The film charts the ultimate escapist trip around the Americas in a Hudson
Hornet – a rebellious kick in the teeth to middle class mores in
post-war USA – and Salles (The Motorcycle Diaries)
does a pretty good job of capturing the immensity of it all.
Sal Paradise is seeking escape from the stultifying alienation of the
9 to 5 existence and Dean 'One more strike and I'm never coming back out,
man!' Moriarty is a consummate recidivist. Psychopathically bent on breaking
taboos, and their own mental and physical limits, through sex, drugs,
alcohol and a jazz infused life-style they tilt for, as Norma Mailer puts
it in his essay The White Negro, “the
limitless paradise and ecstasy just beyond the next orgasm”.
Dean is the monster of the piece. Running two wives, Marylou alongside
in the car, and, after divorce, Camille, he continues to switch between
both while enjoying less heterosexual indulgences on the side. All this
as they career, with a varied collection of passengers, in beautifully
shot, wide-screen vistas at high speed.
Women have to be strong in the Beat Generation's world. Whether it's
exploitation or liberation for them, it's definitely freedom for their
men. It means, in Camille's case, being left holding down a job as well
as the baby. For Marylou, surviving in a free love hothouse.

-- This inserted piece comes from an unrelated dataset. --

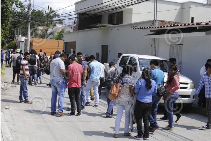 CHILPANCINGO, GUERRERO, 07JULIO2015.- Jóvenes presuntamente normalistas del estado, acudieron a las instalaciones de la Subsecretaría de Administración y Finanzas de la Secretaria de Educación Guerrero (SEG) mejor conocida como "La Casa Blanca", ubicada en la colonia Universal. FOTO: JOSÉ I. HERNÁNDEZ /CUARTOSCURO.COM

Dean's attempt at placation is met by Camille's “Liar!” tirade
on a flying visit which is doomed to failure. When the boys return from
a hip all-nighter, having cavorted to animalistic musical improvisation
till dawn, they are thrown out.
Petty theft keeps them in food and petrol while stopovers with friends
give temporary R&R. During Mortensen's cameo performance as William
Burroughs, Dean helps himself to some marijuana out of the garden whilst
his host demonstrates his 'state of the art' Orgone Box (a sort of cosmic
portaloo), Wilhelm Reich's aid to attaining the ineffable. But it can't
last forever. The male bonding comes unstuck in Mexico. Sal becomes very
ill and Dean can only leave him his battered copy of Proust's Swann’s
Way for company.
The next time they meet Sal has grown up. On leaving a posh restaurant
he is accosted by a dishevelled hobo, Dean, in front of some well-heeled
friends. Completing the schism Sal now disowns him.
For explanation turn to Proust. In the novel the narrator describes the
two ways a path he walked in his youth diverged. Swann's
Way ultimately led to the nocturnal under-belly of Parisian aesthetic
life, equating to Dean's continuing proclivities. Sal has settled for
formalist conventionality, epitomised by Proust in The
Guermantes Way, also deeply flawed but masked in respectability.
Sal has consolidated but for Dean it's the road again – this time
a railroad – turning his back on the world in search of another
Benzedrine fix. A bit of him still pervades the unconscious of us all
in today's dumbed down and paranoid world. The ultimate in cool is caroused
on his way by Kerouac's lyrics and music as the credits roll.